*** PROVIDED MATERIAL Section Begins ***

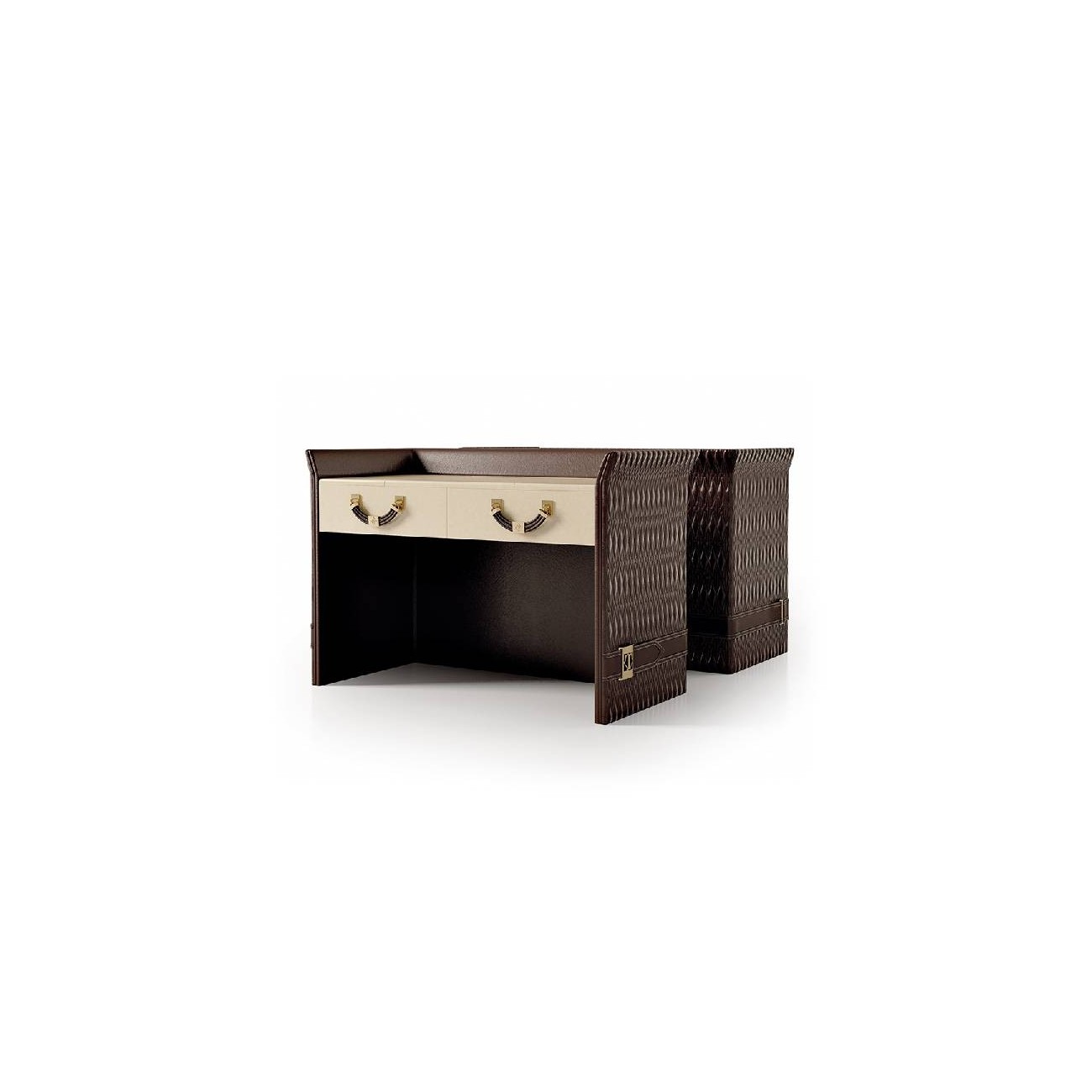The dressing table of the Numero Tre collection is a complement designed to perfectly match with the other elements of the sleeping area, it has a structure covered in diamond-embroidered leather, except for the two drawers and the top which are in wood in glossy lacquered finish, the top it is equipped with an hidden tilting mirror. The handles are made of woven leather with gold metal details or entirely in metal.
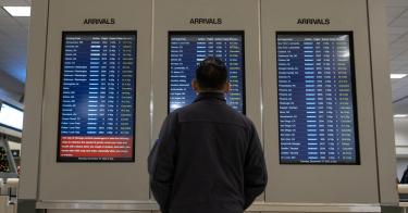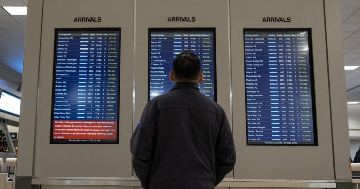 A man looks at the arrival board in the baggage claim area at Midway Airport on December 27, 2022 in Chicago, Illinois. Jim Vondruska / Getty Images
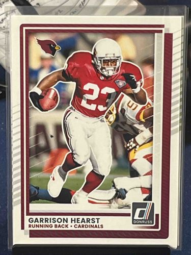 This is a standard 2.5 by 3.5 inch trading card featuring Garrison Hearst during his rookie tenure as a running back for the Arizona Cardinals. The card is produced by Donruss and utilizes a distinctive white, maroon, and silver color scheme. The central image depicts Hearst in a dynamic action pose, carrying a football and wearing his iconic number 23 red jersey and white helmet. A secondary player is visible in the background, partially obscured by the graphic design elements. The card face includes the official Arizona Cardinals logo in the top left and the classic 'D' Donruss logo in the bottom right corner. The text at the bottom clearly identifies the player and his position. Regarding condition, the card is housed in a clear protective sleeve, which has preserved its surface from significant scratching. The centering appears slightly heavy toward the left and bottom margins. The corners show original sharp factory cuts without visible fraying, and the edges appear clean. This piece represents the early 1990s era of sports card collecting, characterized by premium card stock and high-gloss photographic finishes. There are no visible ink marks, creases, or surface stains, suggesting a high technical grade for a modern collectible from this period.
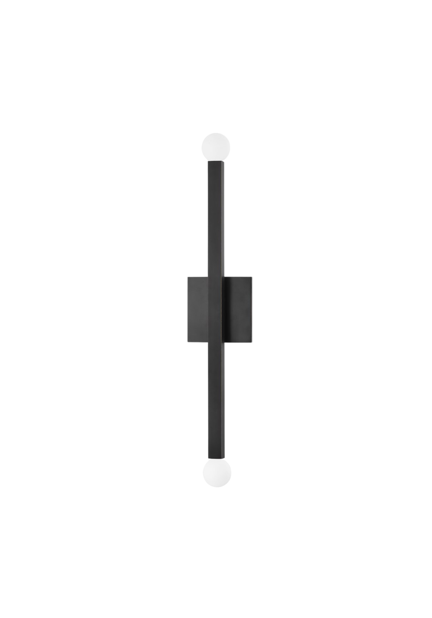 The Bridgeport Sconce is the perfect combination of modern style and lighting convenience. Its sleek and modern design effortlessly elevates any wall, with two round bulbs at the top and bottom of the fixture.

*** PROVIDED MATERIAL Section Ends ***

* TASK OBJECTIVE:
From the listing, extract all text exactly as given and drop any picture.

* YOUR RESPONSE:
The dressing table of the Numero Tre collection is a complement designed to perfectly match with the other elements of the sleeping area, it has a structure covered in diamond-embroidered leather, except for the two drawers and the top which are in wood in glossy lacquered finish, the top it is equipped with an hidden tilting mirror. The handles are made of woven leather with gold metal details or entirely in metal.
 A man looks at the arrival board in the baggage claim area at Midway Airport on December 27, 2022 in Chicago, Illinois. Jim Vondruska / Getty Images
 This is a standard 2.5 by 3.5 inch trading card featuring Garrison Hearst during his rookie tenure as a running back for the Arizona Cardinals. The card is produced by Donruss and utilizes a distinctive white, maroon, and silver color scheme. The central image depicts Hearst in a dynamic action pose, carrying a football and wearing his iconic number 23 red jersey and white helmet. A secondary player is visible in the background, partially obscured by the graphic design elements. The card face includes the official Arizona Cardinals logo in the top left and the classic 'D' Donruss logo in the bottom right corner. The text at the bottom clearly identifies the player and his position. Regarding condition, the card is housed in a clear protective sleeve, which has preserved its surface from significant scratching. The centering appears slightly heavy toward the left and bottom margins. The corners show original sharp factory cuts without visible fraying, and the edges appear clean. This piece represents the early 1990s era of sports card collecting, characterized by premium card stock and high-gloss photographic finishes. There are no visible ink marks, creases, or surface stains, suggesting a high technical grade for a modern collectible from this period.
 The Bridgeport Sconce is the perfect combination of modern style and lighting convenience. Its sleek and modern design effortlessly elevates any wall, with two round bulbs at the top and bottom of the fixture.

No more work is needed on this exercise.